EXERCISE AIM — Would you write out the entries below word for word, omitting the pictures?

DATA EXCERPTS —
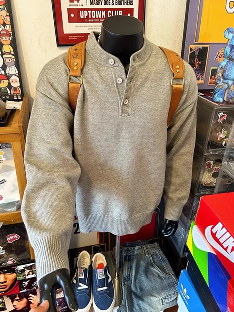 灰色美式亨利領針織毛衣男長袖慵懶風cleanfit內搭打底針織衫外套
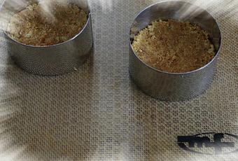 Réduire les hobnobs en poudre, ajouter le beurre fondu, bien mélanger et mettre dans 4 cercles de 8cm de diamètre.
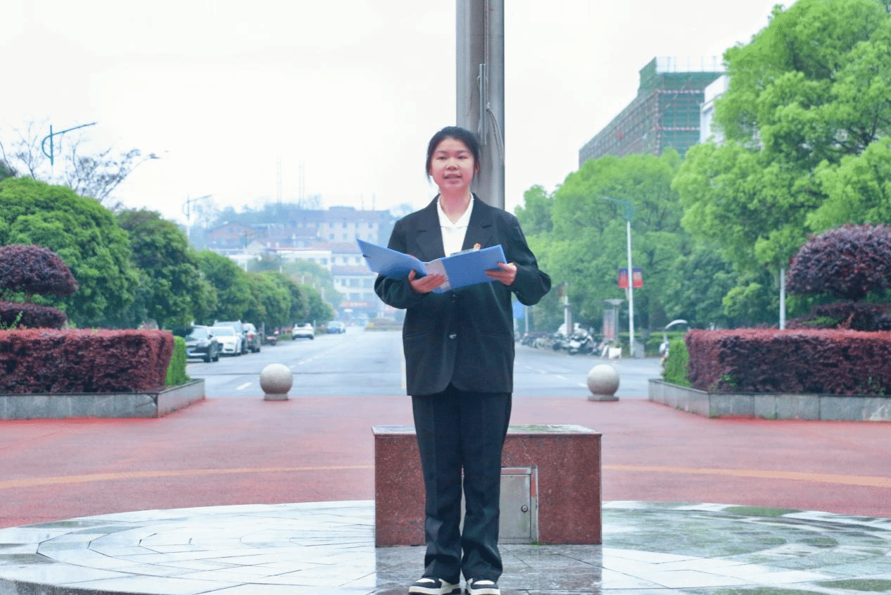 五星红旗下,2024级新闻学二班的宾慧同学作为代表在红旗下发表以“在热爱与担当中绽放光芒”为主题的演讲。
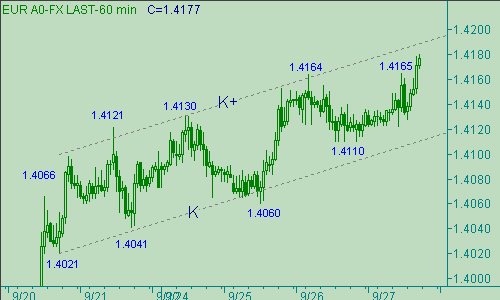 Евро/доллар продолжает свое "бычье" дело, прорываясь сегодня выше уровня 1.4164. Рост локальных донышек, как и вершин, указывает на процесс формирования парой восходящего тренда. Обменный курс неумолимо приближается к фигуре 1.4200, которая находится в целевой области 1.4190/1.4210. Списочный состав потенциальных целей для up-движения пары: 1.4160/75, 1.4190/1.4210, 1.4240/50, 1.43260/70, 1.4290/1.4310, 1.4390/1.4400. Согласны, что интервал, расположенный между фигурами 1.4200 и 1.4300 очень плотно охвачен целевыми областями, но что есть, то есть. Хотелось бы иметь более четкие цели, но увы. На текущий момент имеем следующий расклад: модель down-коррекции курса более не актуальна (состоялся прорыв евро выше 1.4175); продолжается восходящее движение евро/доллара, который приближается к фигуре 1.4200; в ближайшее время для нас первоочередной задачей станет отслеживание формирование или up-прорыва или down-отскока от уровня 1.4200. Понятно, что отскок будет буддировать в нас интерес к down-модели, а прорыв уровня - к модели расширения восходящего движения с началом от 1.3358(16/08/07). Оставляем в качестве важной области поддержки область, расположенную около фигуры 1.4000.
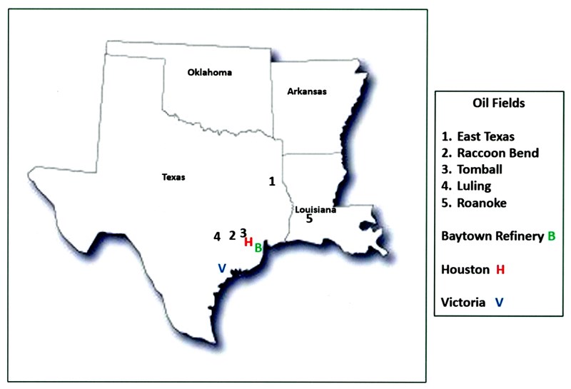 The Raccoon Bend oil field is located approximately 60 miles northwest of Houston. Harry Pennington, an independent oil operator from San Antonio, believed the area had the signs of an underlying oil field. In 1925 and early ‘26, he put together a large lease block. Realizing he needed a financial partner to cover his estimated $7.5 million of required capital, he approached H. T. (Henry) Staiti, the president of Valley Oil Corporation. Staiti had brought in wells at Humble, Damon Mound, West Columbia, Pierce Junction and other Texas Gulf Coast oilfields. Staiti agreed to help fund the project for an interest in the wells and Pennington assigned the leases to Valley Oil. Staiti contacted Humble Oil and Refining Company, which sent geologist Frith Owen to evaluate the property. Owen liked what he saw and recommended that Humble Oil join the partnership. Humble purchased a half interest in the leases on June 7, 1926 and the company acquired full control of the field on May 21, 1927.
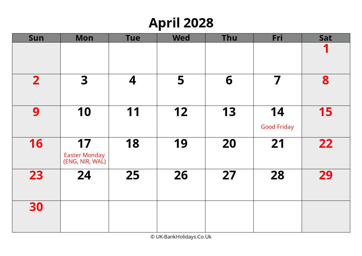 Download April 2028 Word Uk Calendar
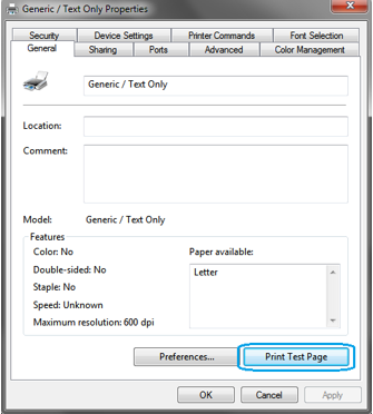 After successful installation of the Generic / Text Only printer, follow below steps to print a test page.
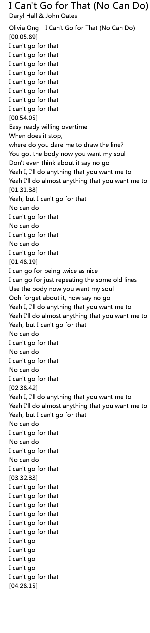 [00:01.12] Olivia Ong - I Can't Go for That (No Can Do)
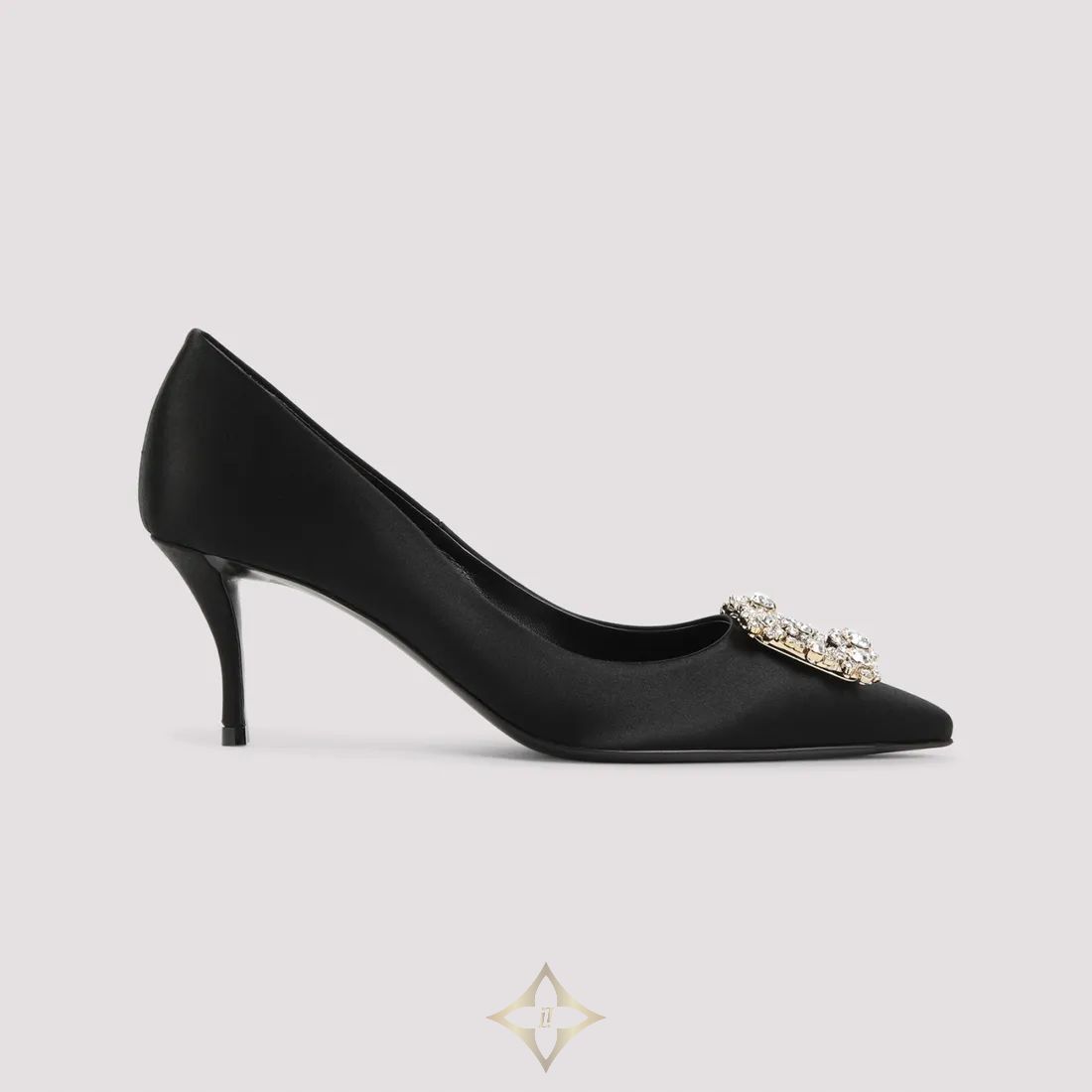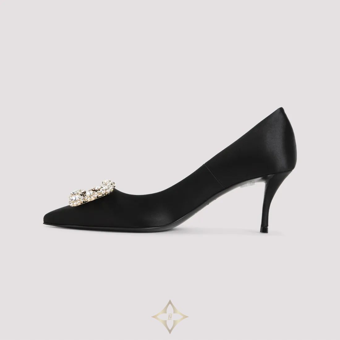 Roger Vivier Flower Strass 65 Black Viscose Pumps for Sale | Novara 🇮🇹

YOUR RESPONSE —
 灰色美式亨利領針織毛衣男長袖慵懶風cleanfit內搭打底針織衫外套
 Réduire les hobnobs en poudre, ajouter le beurre fondu, bien mélanger et mettre dans 4 cercles de 8cm de diamètre.
 五星红旗下,2024级新闻学二班的宾慧同学作为代表在红旗下发表以“在热爱与担当中绽放光芒”为主题的演讲。
 Евро/доллар продолжает свое "бычье" дело, прорываясь сегодня выше уровня 1.4164. Рост локальных донышек, как и вершин, указывает на процесс формирования парой восходящего тренда. Обменный курс неумолимо приближается к фигуре 1.4200, которая находится в целевой области 1.4190/1.4210. Списочный состав потенциальных целей для up-движения пары: 1.4160/75, 1.4190/1.4210, 1.4240/50, 1.43260/70, 1.4290/1.4310, 1.4390/1.4400. Согласны, что интервал, расположенный между фигурами 1.4200 и 1.4300 очень плотно охвачен целевыми областями, но что есть, то есть. Хотелось бы иметь более четкие цели, но увы. На текущий момент имеем следующий расклад: модель down-коррекции курса более не актуальна (состоялся прорыв евро выше 1.4175); продолжается восходящее движение евро/доллара, который приближается к фигуре 1.4200; в ближайшее время для нас первоочередной задачей станет отслеживание формирование или up-прорыва или down-отскока от уровня 1.4200. Понятно, что отскок будет буддировать в нас интерес к down-модели, а прорыв уровня - к модели расширения восходящего движения с началом от 1.3358(16/08/07). Оставляем в качестве важной области поддержки область, расположенную около фигуры 1.4000.
 The Raccoon Bend oil field is located approximately 60 miles northwest of Houston. Harry Pennington, an independent oil operator from San Antonio, believed the area had the signs of an underlying oil field. In 1925 and early ‘26, he put together a large lease block. Realizing he needed a financial partner to cover his estimated $7.5 million of required capital, he approached H. T. (Henry) Staiti, the president of Valley Oil Corporation. Staiti had brought in wells at Humble, Damon Mound, West Columbia, Pierce Junction and other Texas Gulf Coast oilfields. Staiti agreed to help fund the project for an interest in the wells and Pennington assigned the leases to Valley Oil. Staiti contacted Humble Oil and Refining Company, which sent geologist Frith Owen to evaluate the property. Owen liked what he saw and recommended that Humble Oil join the partnership. Humble purchased a half interest in the leases on June 7, 1926 and the company acquired full control of the field on May 21, 1927.
 Download April 2028 Word Uk Calendar
 After successful installation of the Generic / Text Only printer, follow below steps to print a test page.
 [00:01.12] Olivia Ong - I Can't Go for That (No Can Do)
 Roger Vivier Flower Strass 65 Black Viscose Pumps for Sale | Novara 🇮🇹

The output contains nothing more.